He smiles weakly. "I'm used to it," he tells her, which doesn't sound good. "How about next Thursday?"

"Study group, remember?"

"Oh. I'm sure we'll figure out something."

Jess has a feeling he's purposely avoiding this, though she has no reason to. And she always promised herself that she'd never be the type of girl to date someone who's "damaged," but she decides to keep her eye out anyway. Because she knows already that Sam is worth it. 

 

 

Eventually Sam admits that he just doesn't like eating because he doesn't really taste anything. She's a psych major and taking a course on a abuse; not long later they get to a unit about food and he fits the signs of past negligence so perfectly it's actually kind of scary. 
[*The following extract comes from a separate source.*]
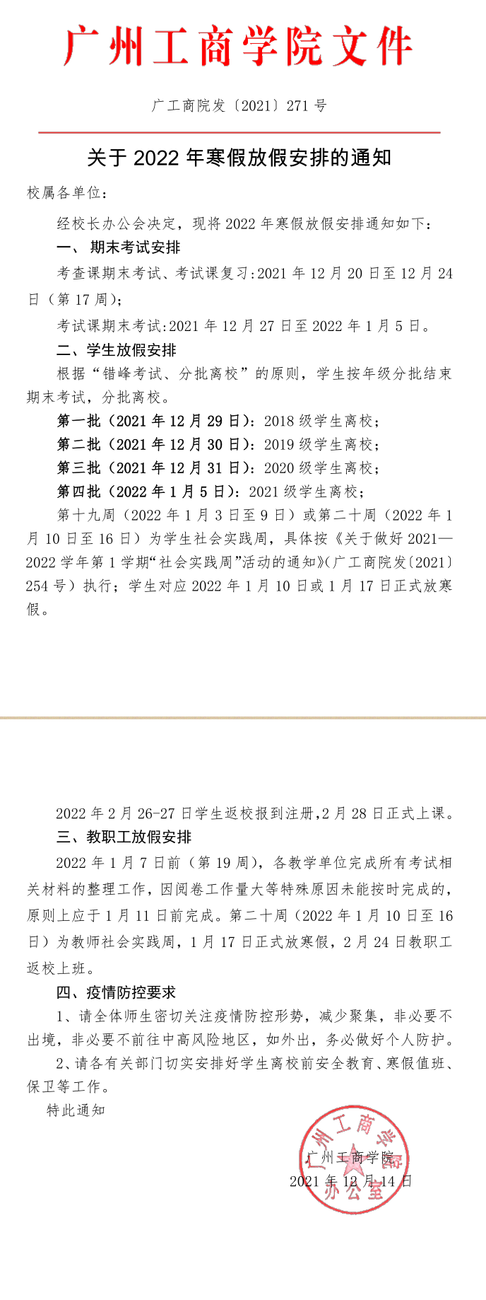 关于2022年寒假放假安排的通知

From there she look for certain signs more specifically and unfortunately finds them - discomfort at physical contact, clearly has anxiety attacks and nightmares, his living area is spotless and has no sign of anything personal, easily agitated towards messy situations, ducks out of anything more intimate than kissing, and can turn on and off how well he shows whatever he's feeling. When she invites him over the Thanksgiving because they’re dating (and he has nowhere else to go), she gives her parents a call. Her dad's the type to joke "hurt my baby girl and I'll kill you" and she doesn't know how well Sam would react that that. And she's steadily been getting him to eat like a normal person more and more but that might not stand if he's nervous and she doesn't want her mom to think he doesn't like her cooking. 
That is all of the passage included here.